• _Prompt_:
The listing below is to be copied exactly, with pictures excluded.

--- Supplied material ---

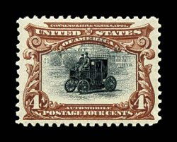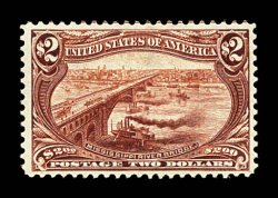 621 og 293 image#293, $2.00 Trans-Mississippi, exceedingly choice mint example of this notoriously difficult commemorative, possessing outstanding centering amid margins that are uncharacteristically large, exceptionally bright rich color with a strong detailed impression, full o.g., lightly hinged, extremely fine; 1994 PF certificate. (Image) $2,100.00
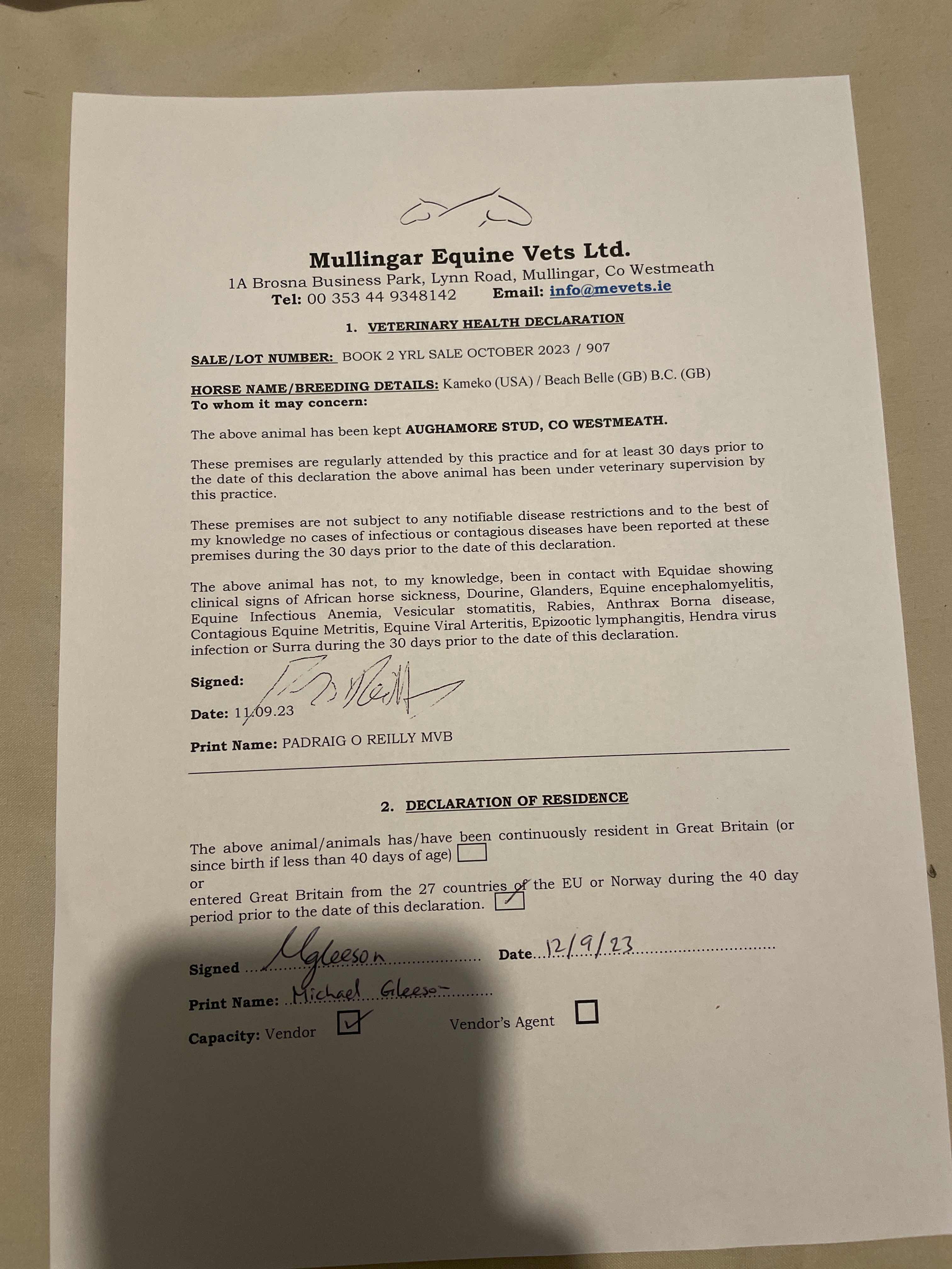 Consignor: Aughamore Stud, Ireland
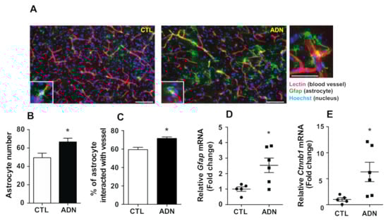 Central administration of adiponectin leads to activation of hypothalamic astrocytes. The whole brain was collected from mice that received an intracerebroventricular (icv) injection of adiponectin (ADN, 3 μg/2 μL) and intracardiac injection of lectin. The distribution of astrocytes was examined by immunohistochemistry using an antibody against glial fibrillary acidic protein (Gfap), a molecular marker for astrocytes. (A) Representative images of Gfap immunolabeling in the hypothalamus. Icv administration of adiponectin led to increased (B) number of astrocytes and (C) contact ratio between astrocytes and blood vessels in the hypothalamus of the mouse brain (n = 5 for each group). Icv administration of adiponectin elevated mRNA levels of (D) Gfap and (E) Ctnnb1 as determined by qRT-PCR (n = 5 for CTL; n = 6 for ADN). Results are presented as mean ± SEM. * p < 0.05. Scale bar = 50 μm.
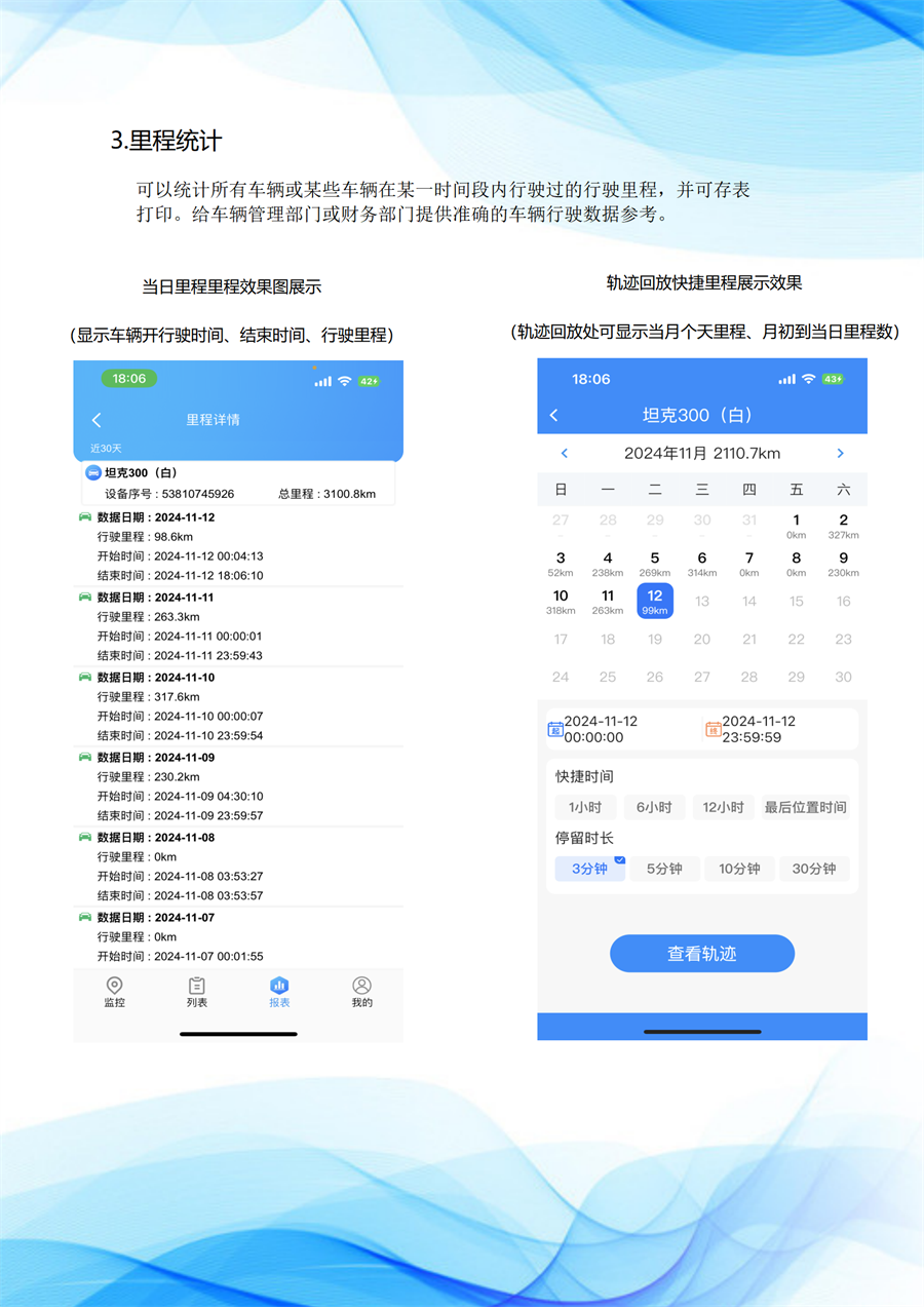 豐富詳細的車輛報表方便統計行駛里程停車地點停車時長發動機工作時長綜合油耗溫度超速統計

---

• _Solved exercise_:
 621 og 293 image#293, $2.00 Trans-Mississippi, exceedingly choice mint example of this notoriously difficult commemorative, possessing outstanding centering amid margins that are uncharacteristically large, exceptionally bright rich color with a strong detailed impression, full o.g., lightly hinged, extremely fine; 1994 PF certificate. (Image) $2,100.00
 Consignor: Aughamore Stud, Ireland
 Central administration of adiponectin leads to activation of hypothalamic astrocytes. The whole brain was collected from mice that received an intracerebroventricular (icv) injection of adiponectin (ADN, 3 μg/2 μL) and intracardiac injection of lectin. The distribution of astrocytes was examined by immunohistochemistry using an antibody against glial fibrillary acidic protein (Gfap), a molecular marker for astrocytes. (A) Representative images of Gfap immunolabeling in the hypothalamus. Icv administration of adiponectin led to increased (B) number of astrocytes and (C) contact ratio between astrocytes and blood vessels in the hypothalamus of the mouse brain (n = 5 for each group). Icv administration of adiponectin elevated mRNA levels of (D) Gfap and (E) Ctnnb1 as determined by qRT-PCR (n = 5 for CTL; n = 6 for ADN). Results are presented as mean ± SEM. * p < 0.05. Scale bar = 50 μm.
 豐富詳細的車輛報表方便統計行駛里程停車地點停車時長發動機工作時長綜合油耗溫度超速統計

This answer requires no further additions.